Die Idee ist natürlich nicht schlecht, denn das Spiel soll ja so real wie nur möglich rüber kommen. Jetzt denk aber mal über die folgende Situation als Bsp. nach:
Die Orks wollen ein Keep der Zwerge in Tier 4 einnehmen um dann die große Schlacht um die Hauptstadt zu beginnen. Die Mauern bzw die Tore sind fast eingerissen, alle sind bereit für den großen Ansturm, hunderte von Spielern warten auf den Startschuss mit dem das große Gemetzel beginnt. Hier und da wird gekämpft, und da die Zwerge nicht dumm sind, zerstören sie erstmal schön die Belagerungswaffen. Nun soll es aber weiter gehn! Aber dann kommt die Nachricht, leider gibt es keine Belagerungswaffen mehr, die nächsten kommen erst in 2 Tagen 


			Dieser Inhalt steht nur eingeloggten Mitgliedern zur Verfügung.
        

 Und das wars mit dem tollen Keep raid und vllt mit der gesamten Campain. Wäre das nicht einwenig frustrierend einen ganzen Schlachtzug abzublasen nur weil die Kriegsmaschinerie ausgegangen ist und die nächste erst in den nächsten paar Tagen bereit steht?

Die Idee ist gut, nur ist sie nicht richtig durchdacht. Um solchen Situationen vorzubeugen könnte man z.B. ein System einführen, indem mehrer Spieler an EINEM Gegenstand, Belagerungswaffe etc. arbeiten. Somit könnte die Bauzeit verringert werden.
Was dann noch super wäre wenn Spieler die nicht auf der Skillung des Baumeisters(der jenige der z.B. ein besonderes Schwert oder das Katapult xy herstellen kann)sind, ihm aber trotzdem helfen und dadürch ein paar "Erfahrungspunkte"bei dem jeweiligen Beruf abgreifen können.
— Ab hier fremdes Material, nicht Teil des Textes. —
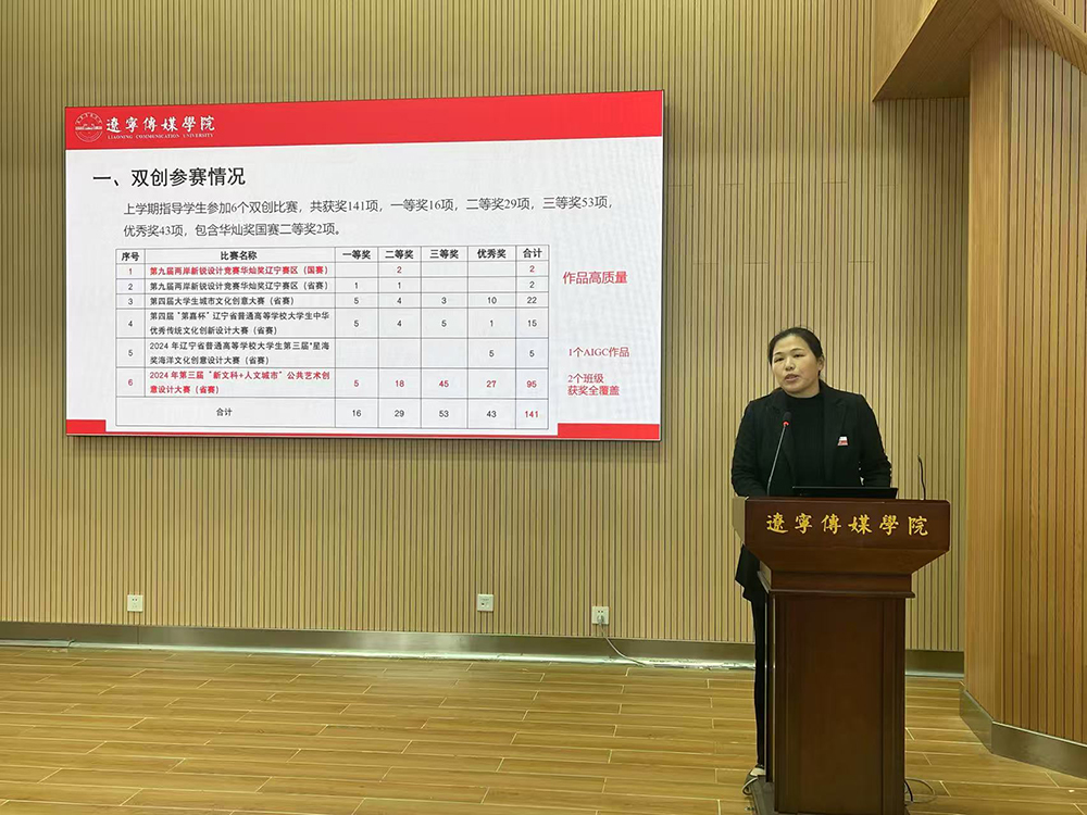 会议共分为三个环节。首先,艺术学院双创专项负责人吴娱老师对双创比赛的基本情况进行详细讲解。吴老师从双创平台发布与交流、平台比赛报名流程及注意事项等工作展开介绍,重点讲解官方发布平台、学院微信公众号等信息渠道,详细拆解报名流程,强调资格审核、时间节点及赛道申报要点,为老师们参赛提供清晰指引。

Natürlcih müssten sie dann den selben Berufszweig eingeschlagen haben.

Und so ewtas würde für PvE Spieler eine nette Abwechslung sein, um auf die geschilderte Situation zurück zu kommen. An der Front fehlt es an Belagerungswaffen! Alle Leute die PvE Spielen, nicht aktiv am Schlachtzug beteiligt sind, werden so mit eingebunden. Denn wenn diese sich schnell zusammen finden und neue Belagerungswaffen herstellen und an die Front schicken, wird das Gefühl der dazugehörigkeit verstärkt.
Denn durch ihre Aktion konnten sie den Schlachtzug noch retten, und es kann weiter gehn. So bekommt man auch als PvE Spieler das Gefühl aktiv in den Konflikt eingreifen zu können.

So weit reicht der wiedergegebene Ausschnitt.